Probability to make the 53 man roster: 150%
Probability to play significant snaps: 150%

The UDFAs: Lynden Gaydosh and Casey Walker

Gaydosh: Hailing from north of the border, Gaydosh was the first overall pick in the CFL draft. At 6'3", 305 lbs Gaydosh had a highly productive college career with the powerhouse University of Calgary Dinos. This production notwithstanding, it was his performance at the CFL combine that really raised eyebrows. Quoting some guy named Dator:

His bench press would have ranked him 3rd in Indianapolis, his broad jump was three inches behind Sharrif Floyd, and his vertical was up there with athletic freak Ziggy Ansah. If you want a true representation of Gaydosh, he was the CFL's Margus Hunt -- the player who caught everyone's eye, and became the talk of the combine.

When the Panthers brought him in for a workout, they were convinced enough to give the big Canadian a contract and a chance to display his talents at Training Camp. Having seen a little film and an interview, I really like the kid; but, there's no way he makes the active roster for 2013.

Probability to make the 53 man roster: 0%
Probability to make the Practice Squad: 60%

Casey Walker: I can tell you that Walker is 6'1", 306 lbs. and ran a 5.05 forty at the Oklahoma pro-day. That's all I've got.

Probability to make the 53 man roster: 0%
Probability to make the Practice Squad: 3%

This concludes my rundown of the Defensive Tackle position. I just want to leave you with a couple of interesting quotes regarding Star and KK.

Robert Russ of WCSN writes:

"Super Nova" and the ironically nicknamed "Little K.K." are not merely great value picks. Bringing them on board has enabled Gettleman to upgrade most every player on the team.

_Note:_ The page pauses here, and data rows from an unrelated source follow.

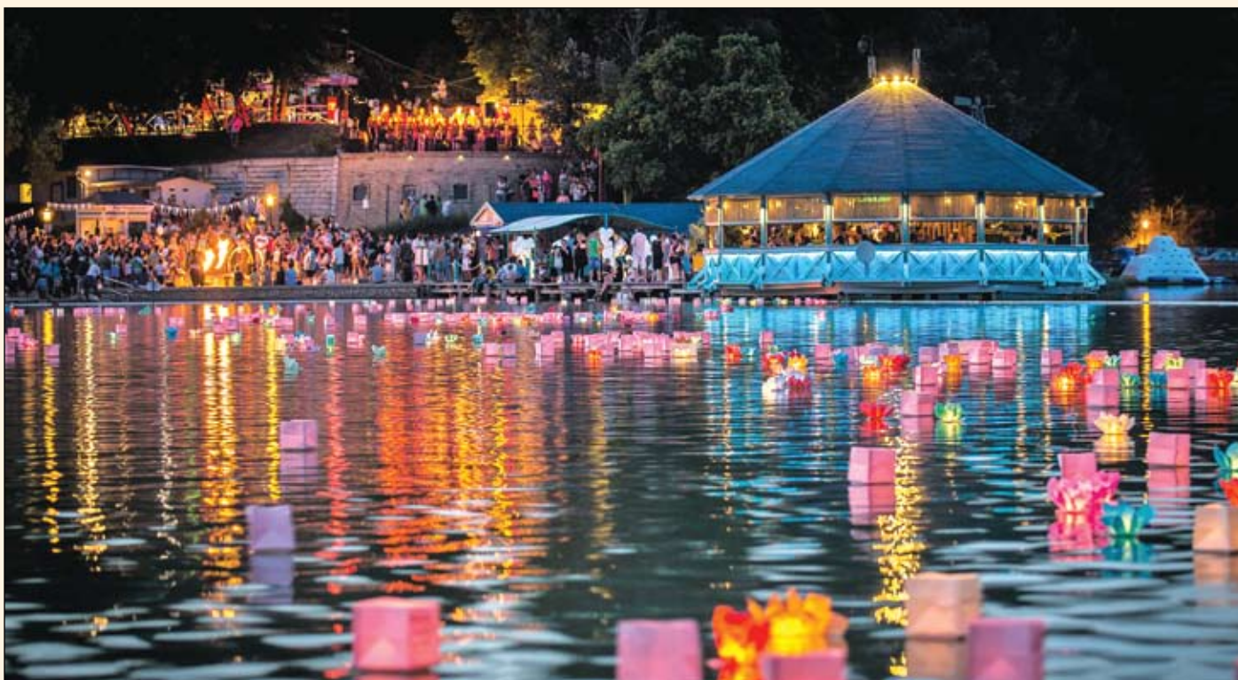
A kívánság lámpások úsztatása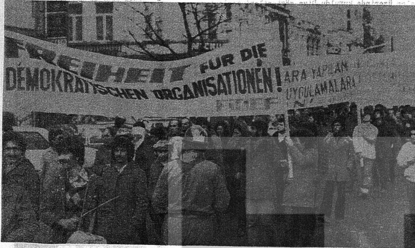
6 000' NİN ÜZERİNDE İŞÇİNİN KATILDIĞI KÖLN YÜRÜYÜŞÜ GÖRKEMLİ OLDU. YÜRÜYÜŞLE İLGİLİ DİĞER RESİMLERİMİZ 3. SAYFAMIZDA.

Tutuklamalara, baskılara, işkencelere karşı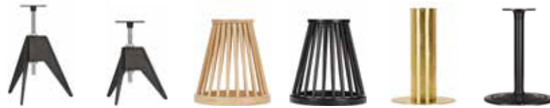
Screw Café Base H 570-820 W 497 D 546 Screw Side Base H 450-620 W 422 D 460 Fan Natural Base H 450 W 400 D 400 Fan Black Base H 450 W 400 D 400 Tube Base H 700 W 500 D 500 Roll Base H 680 W 560 D 560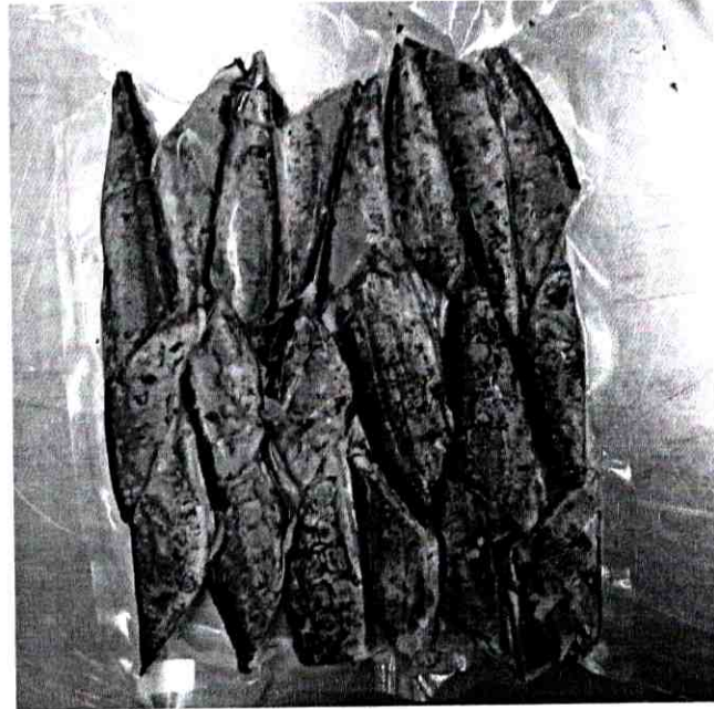
Hình gói hàng

Facing three or four defensive lineman who command double coverage is going to create a huge dilemma for opposing offenses. On virtually every passing play they will have to decide to keep either the tight end or running back in to protect the quarterback. This will greatly limit their diversity of play call options and will completely neutralize backs like Darren Sproles of New Orleans and Jacquizz Rodgers of Atlanta, since the defense will immediately know whether the call is run or the tight end is staying in to block.

With one offensive weapon and the quarterback removed from the equation, the defense will essentially be playing 11 on nine before the snap even occurs. If teams try to go to a three or four wide receiver set, the defense blitz, and the line will be hard pressed to account for the linebacker or safety.

This will set Carolina’s top-of-the-line backers loose to float, react, assist, and attack with more freedom.

With the linebackers covering the weak sides, and with the defensive line putting on constant pressure, hurries, and sacks, the below-average secondary should look far better. Expect nervous field generals to throw the ball off target or out of bounds.

Let’s not forget that having above-average backup linemen and linebackers in the rotation will allow everyone to stay fresh. This will translate to getting off the field quicker, and as the game wears on, they will get stronger.

NFP's Russ Lande provides this assessment:

After grabbing Star Lotulelei in the first round, Carolina follows that acquisition up with defensive tackle Kawaan Short in the second round. These two picks turn the Panthers' interior defensive line, which was a major weakness in 2012, into a strength and gives their defense a chance to take a huge step forward in 2013. I love new GM Dave Gettlemen's first two draft picks.

All of this will add up to a time of possession advantage that will wind and wear down the opposition. This will be immensely beneficial for a defense that has been prone to fourth-quarter collapses. Of the 19 losses in the Cam Newton/Ron Rivera era, nine times Carolina was leading in the fourth quarter and once more they were tied. (Incidentally, five of those games came against NFC South foes and three against the NFC North.)